東京電力をはじめ、原発を保有する9電力(沖縄電力を除く)に対する長期貸出金残高は、2010年3月末時点で4兆9000億円あるが、このうち約3割に当たる1兆4000億円を日本政策投資銀行が貸し出している。電力会社の原発比率は約30%だから、政投銀の貸出残高のうち約4700億円が原発向けという見方もできる。ただ、電力会社の資金調達では、長期借り入れよりも社債発行による調達が多い。

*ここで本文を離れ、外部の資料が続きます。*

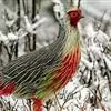 血雉雉科血雉属鸟类,别名血鸡、松花鸡,血雉的雄鸟大覆羽、尾下覆羽、尾上覆羽、脚、头侧、腊膜为红色,故称血雉。其别名甚多,各地皆异。在甘肃,因其胸侧和翅上覆羽沾绿,被称为“绿鸡”;因其羽毛形似柳叶,…全部>>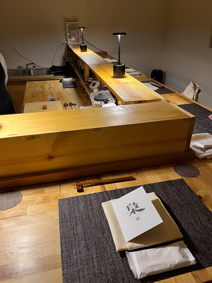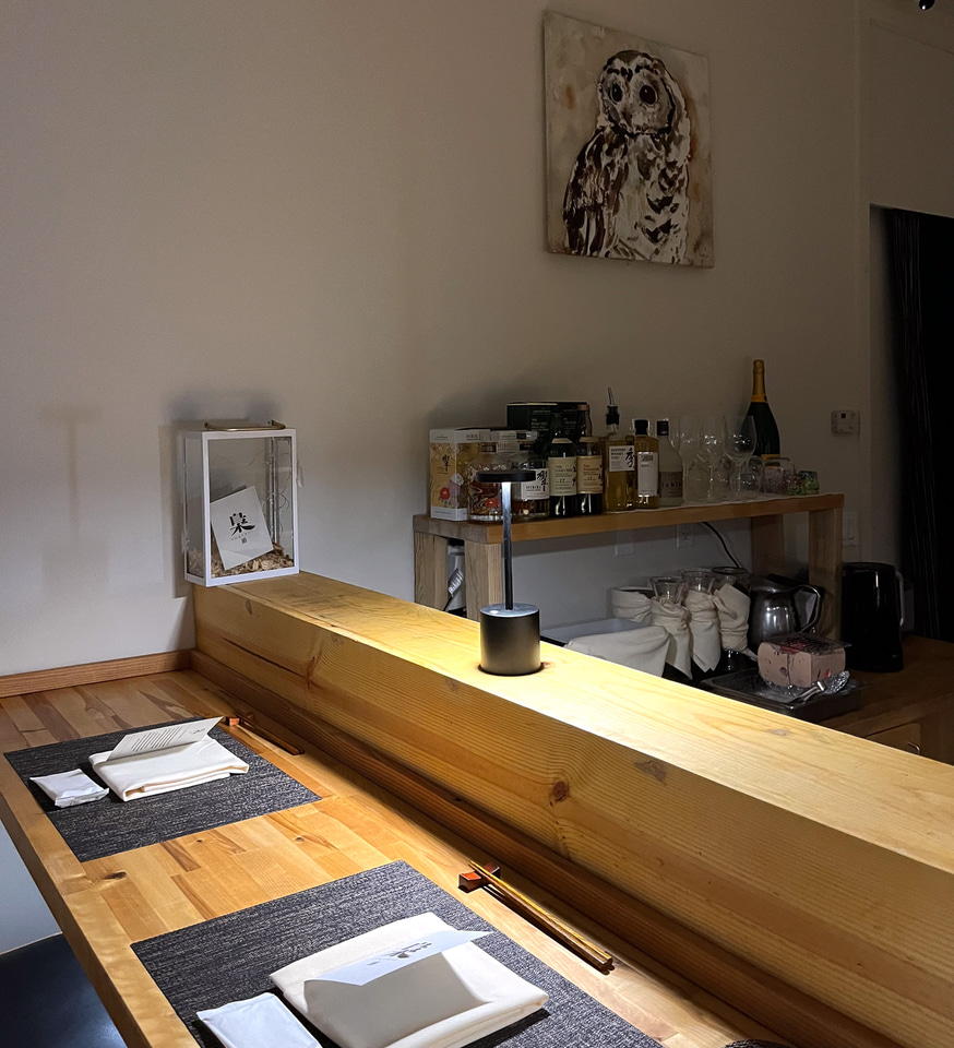 「BUHO」の入口を入ったらひたすらまっすぐ進み、さらに細い通路を突き当たりまで達っしたら、右を見てみよう。そっと暖簾が掲げられていることに気付く。ここをくぐると「Sushi Fukurou -梟-」だ。分かりづらいのはもともとは倉庫として使われていたから。改装して「超隠れ家」としてオープンしたのが2022年。

2009年度有価証券報告書(2010年3月末時点)に基づいて、9電力の負債サイドを調べると、長期借入金は総額で4兆9000億円、社債発行額は12兆2600億円。大手金融機関は長期貸出のほか、社債の大口引き受け手でもあるが、引受額の開示情報は電力会社の資料ではわからない。

 大口貸出先ごとにみると、政投銀が9電力すべてに対して大口の長期資金を貸し出しており、そのうち四国電力を除く8電力では、トップの借入先となっている。今回、福島原発事故を引き起こした東京電力に対する同銀行の長期貸出額は3500億円で、9電力の中でももっとも多い。

 同銀行以外では、大手生保が各電力に対する上位の長期貸し手として登場している。日本生命が東電、関電などを中心に4700億円の残高を抱えるほか、住友生命、第一生命なども上位に名を連ねる。日生、住生、第一生命、明治安田の4大手生保全体で、9200億円強の残高となる。生保は社債の大口引き受けてでもある。生保各社は同時に、大口株主でもある。特に日生は、9電力すべての上位ランキングに登場する。

 株主構成では、地方自治体の大口保有も目に付く。東電では東京都が3.15%の保有割合を占めるほか、関電では大阪市が8.85%で筆頭株主になっている。また神戸市も2.89%を保有。東北電力では仙台市が1.03%、宮城県が0.88%を保有している。